A grandfather feared for his life as a hit-and-run lorry driver rammed his motorbike off the road.

Bill Ryan, of Kingfisher Close, Colchester, will be off work for four months after the truck slammed into him three times and forced him to drive into a crash barrier.

He believes he owes his life to two passers-by who spotted his headlights as he lay unable to move in the roadside undergrowth.

Doctors told the removals worker that two of his ribs had been snapped and were floating free - one just a centimetre away from puncturing his lungs and the other a millimetre from his spleen.
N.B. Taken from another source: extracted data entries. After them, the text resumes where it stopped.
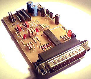 Внешний вид программатора в оригинальном виде приведен на рис.2. Однако схему пришлось немного доработать и разработать под нее печатную плату. Схема доработанного программатора приведена на рис.3. В ней применен дополнительный сигнальный буфер на микросхеме КР1554АП6, позволяющий применить провод длиной до 1 м. В остальном схема особенностей не имеет. Собрать ее можно на печатной плате (рис.4) при помощи "монтажки" (рис.5). Скачать эскиз печатной платы в формате Sprint Layout 3.0 можно отсюда.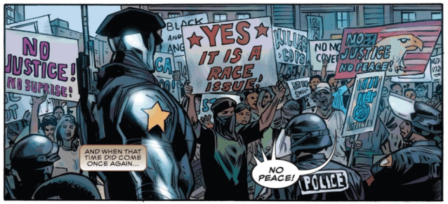 O argumento é que nos diálogos entre os personagens negros havia a ideia de uma segregação dos negros em relação aos brancos, já que a convivência é sempre marcada pela violência e a opressão. Racismo contra os brancos, disse “o público”. Mas para além da reação dos raivosos que não querem ler histórias com conteúdo político (como se fosse possível uma coisa dessas), o que chama a atenção é a distância entre dar voz para toda a diversidade que compõe o tecido social norte americano (coisa que a Marvel faz desde seus primórdios), e fazer de fato essas vozes serem ouvidas pelo público consumidor.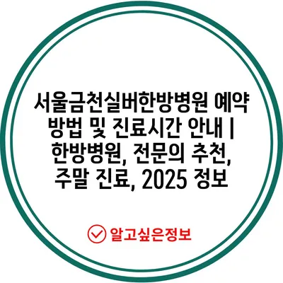 서울금천실버한방병원 예약 방법 및 진료시간 안내 | 한방병원, 전문의 추천, 주말 진료, 2025 정보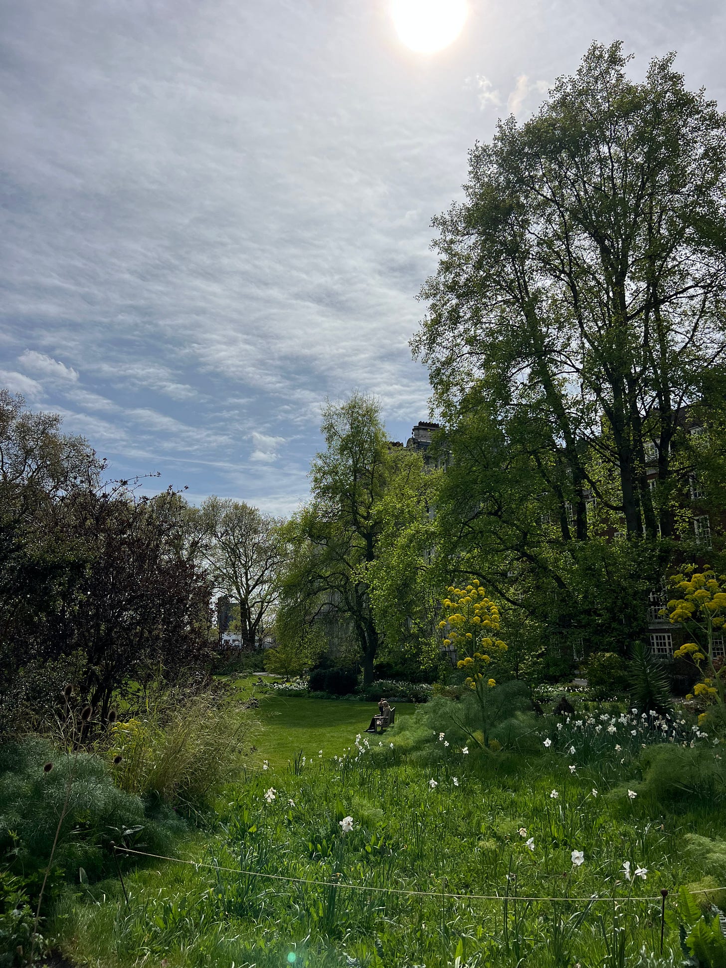 The exhibition itself was wonderful, but the afternoon was made better when I crossed over tucked-away streets and entered the Inner Temple Garden. This piece of nature was so lovely it was shocking, and standing in the midst of it, surrounded by tulips, I’d never have known I was in the middle of the world’s greatest capital city, were it not for the tops of some skyscrapers peeking out from across the Thames. I crossed another little street and sat at the Garden Café and read a book (Edith’s Diary, by Patricia Highsmith, which I didn’t end up finishing). The sun soaked away the chill of the day and a black whippet wandered around the tables, begging the humans borrowing the vicinity for a snack.

Mr Ryan, 53, was riding home from work in London at 4pm on December 12 when he noticed the articulated lorry was close behind him on the ramp from the M25 to the Brook Street Interchange, at Brentwood.

It then rammed him at about 20mph, but he was unable to get out of the way as another truck was in front of him.

When it crashed into his 1100cc Honda bike a second time he was swept past the exit to the A12, where he wanted to turn off, and the third impact sent him hurtling towards the barrier.

He said he deliberately accelerated into it, as he was convinced the truck would crush him to death if he failed to clear the obstacle.

"The lorry just drove on as if nothing had happened," Mr Ryan said: "I was conscious the whole time but I couldn't move."

The father-of-three and grandfather-of-one said he was convinced he had been deliberately rammed, but could think of no-one who would want to harm him.

The only possible explanation he could offer was that the driver was a rival football supporter and had spotted his personalised West Ham number plate.